* **Materials provided**:
########

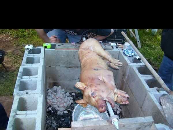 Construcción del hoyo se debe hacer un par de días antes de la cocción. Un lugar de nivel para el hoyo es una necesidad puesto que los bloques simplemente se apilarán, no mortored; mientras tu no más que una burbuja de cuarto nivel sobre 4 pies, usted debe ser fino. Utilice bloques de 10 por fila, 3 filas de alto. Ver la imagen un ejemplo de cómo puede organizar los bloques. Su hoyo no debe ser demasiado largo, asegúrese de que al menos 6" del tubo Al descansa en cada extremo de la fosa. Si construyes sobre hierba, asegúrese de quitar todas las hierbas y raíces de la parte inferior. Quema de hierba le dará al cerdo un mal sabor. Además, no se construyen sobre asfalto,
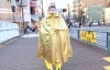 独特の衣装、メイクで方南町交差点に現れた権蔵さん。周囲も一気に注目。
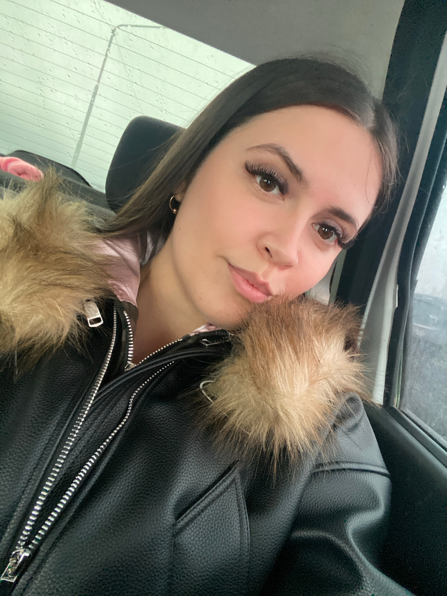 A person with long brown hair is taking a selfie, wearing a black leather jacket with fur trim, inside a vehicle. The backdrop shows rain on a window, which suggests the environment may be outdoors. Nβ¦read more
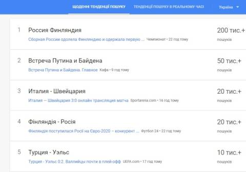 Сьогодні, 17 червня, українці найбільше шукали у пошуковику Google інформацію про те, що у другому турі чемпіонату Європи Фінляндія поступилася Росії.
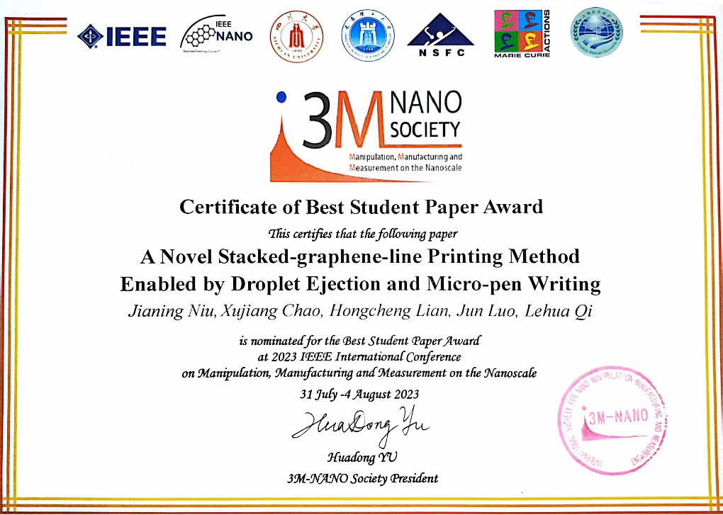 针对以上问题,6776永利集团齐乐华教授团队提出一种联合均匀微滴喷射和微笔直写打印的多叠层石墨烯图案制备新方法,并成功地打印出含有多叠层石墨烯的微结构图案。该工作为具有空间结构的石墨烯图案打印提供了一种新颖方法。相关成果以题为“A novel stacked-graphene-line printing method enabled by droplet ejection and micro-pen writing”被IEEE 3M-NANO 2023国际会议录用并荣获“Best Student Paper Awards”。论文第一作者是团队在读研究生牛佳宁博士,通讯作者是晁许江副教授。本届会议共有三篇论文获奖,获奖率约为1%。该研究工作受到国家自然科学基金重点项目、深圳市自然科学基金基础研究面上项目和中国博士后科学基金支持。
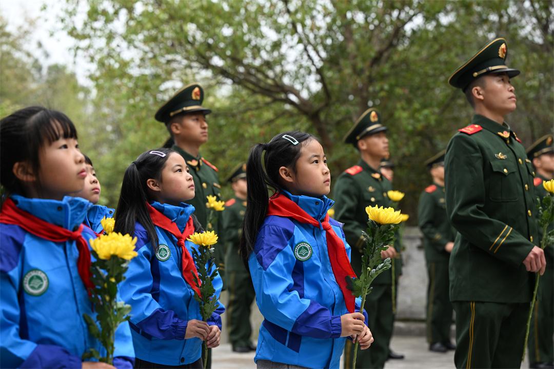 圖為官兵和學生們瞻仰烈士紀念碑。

########

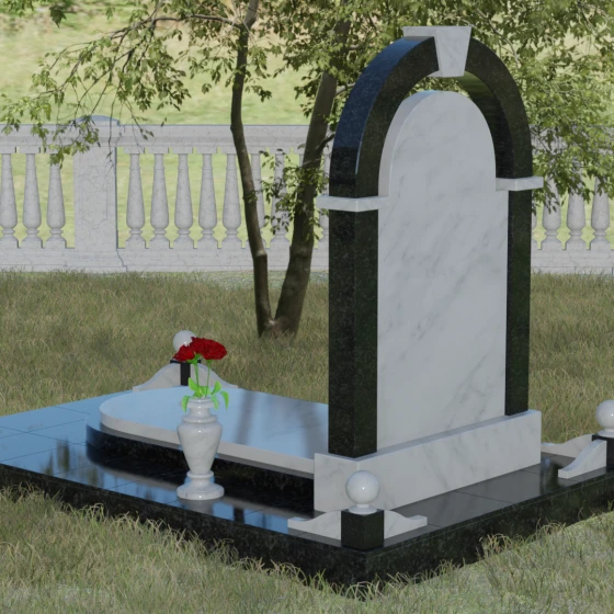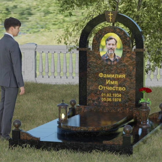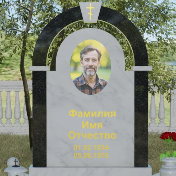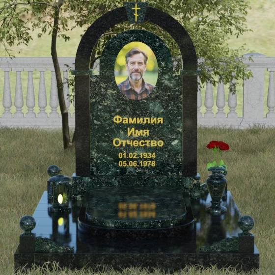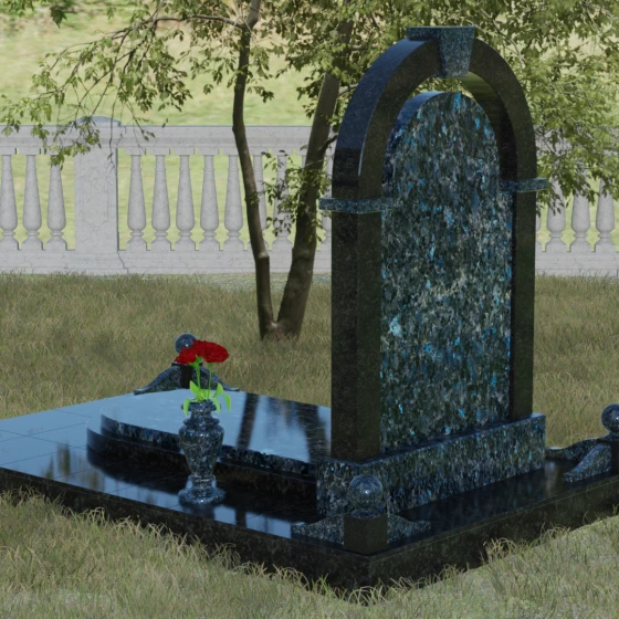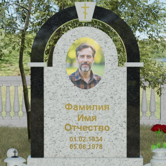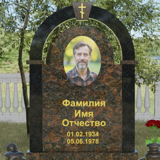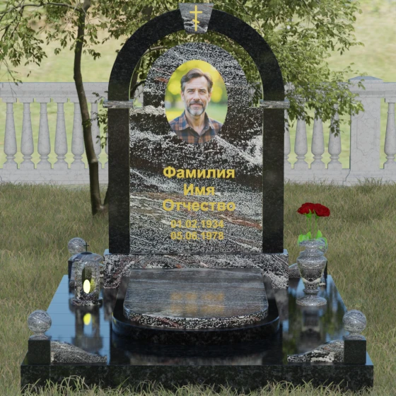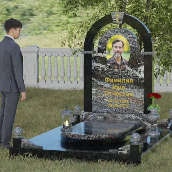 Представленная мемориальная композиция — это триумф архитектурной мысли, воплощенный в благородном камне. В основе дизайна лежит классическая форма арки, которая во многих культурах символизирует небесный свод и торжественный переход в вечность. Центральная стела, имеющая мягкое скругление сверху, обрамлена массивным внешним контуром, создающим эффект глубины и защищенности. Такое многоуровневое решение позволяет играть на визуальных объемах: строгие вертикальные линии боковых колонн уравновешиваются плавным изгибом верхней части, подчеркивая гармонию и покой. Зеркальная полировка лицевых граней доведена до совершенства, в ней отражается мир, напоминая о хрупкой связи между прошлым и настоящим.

########

* **Directions for this task**: Nothing but the lines above from the line with "A person with" up to and including the line with "Сьогодні, 17 червня, українці" should be returned, exactly as written and without pictures.

* **Solution to the exercise**:
 A person with long brown hair is taking a selfie, wearing a black leather jacket with fur trim, inside a vehicle. The backdrop shows rain on a window, which suggests the environment may be outdoors. Nβ¦read more
 Сьогодні, 17 червня, українці найбільше шукали у пошуковику Google інформацію про те, що у другому турі чемпіонату Європи Фінляндія поступилася Росії.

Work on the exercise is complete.